**What to produce:**
Would you please set down the data again exactly as given, excluding the pictures?

**Data excerpt:**
────────────────────────────────────────

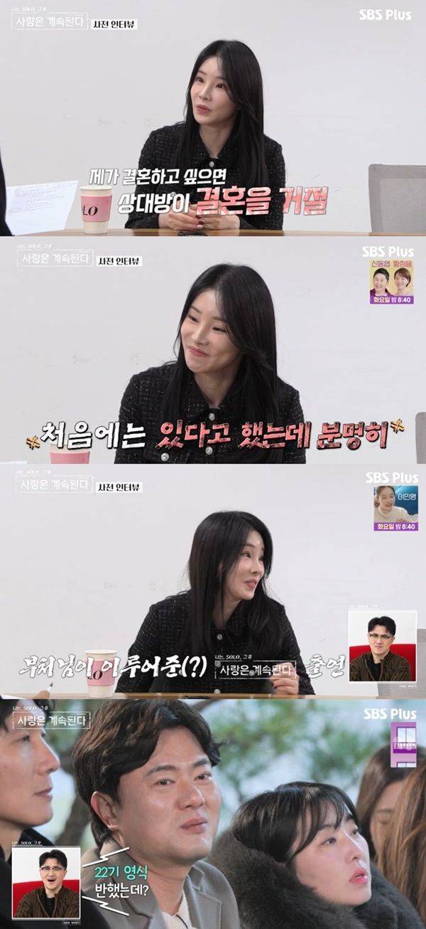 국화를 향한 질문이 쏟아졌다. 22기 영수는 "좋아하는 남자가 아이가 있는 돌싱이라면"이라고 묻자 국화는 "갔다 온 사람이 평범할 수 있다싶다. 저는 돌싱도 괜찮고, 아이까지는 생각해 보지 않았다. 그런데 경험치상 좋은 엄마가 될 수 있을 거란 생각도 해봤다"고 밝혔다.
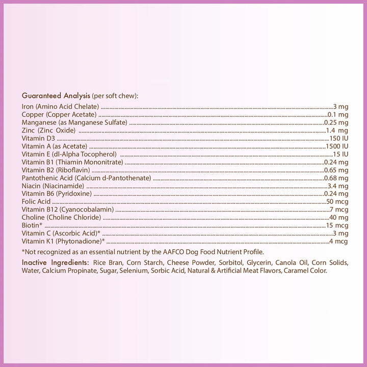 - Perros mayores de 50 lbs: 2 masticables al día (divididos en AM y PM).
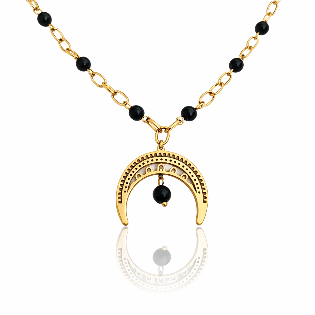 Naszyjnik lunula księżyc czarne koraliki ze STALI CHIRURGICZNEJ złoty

────────────────────────────────────────

**Answer area:**
 국화를 향한 질문이 쏟아졌다. 22기 영수는 "좋아하는 남자가 아이가 있는 돌싱이라면"이라고 묻자 국화는 "갔다 온 사람이 평범할 수 있다싶다. 저는 돌싱도 괜찮고, 아이까지는 생각해 보지 않았다. 그런데 경험치상 좋은 엄마가 될 수 있을 거란 생각도 해봤다"고 밝혔다.
 - Perros mayores de 50 lbs: 2 masticables al día (divididos en AM y PM).
 Naszyjnik lunula księżyc czarne koraliki ze STALI CHIRURGICZNEJ złoty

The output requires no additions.